Вместе с тем, посмотрите, господа, что есть Российская империя. Мы, чиновники, составляем суть и основу ее. Уберите приходящие и исходящие бумаги, отношения и протоколы, которые обучаю я вас составлять, и что от всего останется. Кучи бессмысленных людей, ходящих куда и как попало. Никакой России не будет без нас. Мы подобны древу животворящу. Пусть даже середина его выгнила и пуста — мы, составляющие кору и остов его, стоим недвижимо. И кажется всем, что древо высится как прежде, раскинув могучие ветви и осеняя побеги в благодатной своей тени. А там, глядишь, новые соки забродят в нем и мы, как птица Феникс, сохранившая свою красоту, примемся всемерно укреплять и наполнять обновленный ствол…
В эту зиму прикомандировали еще к ним военного фельдшера, который показывал, как делать прививки от оспы. Кроме того, унтер-офицер от егерей учил их распознавать лошадиные и скотские болезни, особенно сибирскую язву. Он прилежно учился всему, но не думал, что будет когда-нибудь этим заниматься…
— Христос воскрес!
Девочка с серьезным видом подошла к солдату Демину и протянула ему красное яйцо. Она каждый день приходила теперь к ним в юрту и подолгу сидела, качая свою куклу. Но сегодня девочка надела нарядное платье с бантиком, шнурованные ботинки, в косу была вплетена синяя лента. Солдат Демин так же серьезно достал из платка покрашенное яйцо и дал его девочке. Потом они трижды поцеловались.

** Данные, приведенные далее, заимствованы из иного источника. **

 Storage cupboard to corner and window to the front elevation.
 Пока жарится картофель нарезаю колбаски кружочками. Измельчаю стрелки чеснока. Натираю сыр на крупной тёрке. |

После этого девочка подошла к нему, протянула такое же яйцо. Он взял, растерянно посмотрел по сторонам. Солдат Демин развернул свой платок, дал по синему яйцу ему и дядьке Жетыбаю. Он отдал свое яйцо девочке. Встав на носки, она с серьезностью на лице трижды поцеловала его. Губы у нее были холодные и пахли молоком.
— Христос воскрес! — сказала девочка дядьке Жетыбаю.
— Ай, жаксы! — согласился тот, подставляя усы для поцелуя.
— Что же, давайте и мы похристосуемся по такому делу!
Солдат Демин поцеловался с ним и с дядькой. В городе звонили колокола. В этот вечер они ели сладкий хлеб-кулич, похожий на тот, который пекли к его приезду тетушки.
В который раз цепенел он весь и стоял, придавленный чужим и страшным. Даже день тогда делался черным. Они жались друг к другу у школьного забора и смотрели на другую сторону улицы.
— Каргызьё, мать твою душу!..
Тимофей Ильич из углового дома торговал мясом. На широком — во весь квартал — дворе стояли загоны, сараи, высокая скирда сена. Открывались крепкие деревянные ворота, и было видно, как два работника разделывают под навесом темно-лиловые туши. Базарные мясники к утру увозили их в крытых рогожей повозках. И каждую неделю после конного базара на улице начинался крик. Пригнавшие овец казахи требовали деньги, а Тимофей Ильич стоял, оглаживая седеющую бороду, и говорил негромко, рассудительно, как и сейчас:
— Что ж ты, мил купец, кричишь, ежели сам нарядился по полтинничку. Вот и люди слышали. Так я говорю, Федор?
— Да уж точно, чего там, — подтверждал долговязый, с переломленным носом работник, хмуро поглядывая на старого казаха в лисьем малахае. Тот держал перед собой в горсти деньги, и горестное недоумение было в его глазах.
— Рубыль, говорил… Рубыль! — тонко закричал молодой, повязанный красным платком джигит, подскакивая к Тимофею Ильичу и махая руками.
— А то уж невежество — промеж старшими лезть. Рубель, говорил я, за пару. А за одну овчишку как раз и выходит полтинник. Все по закону.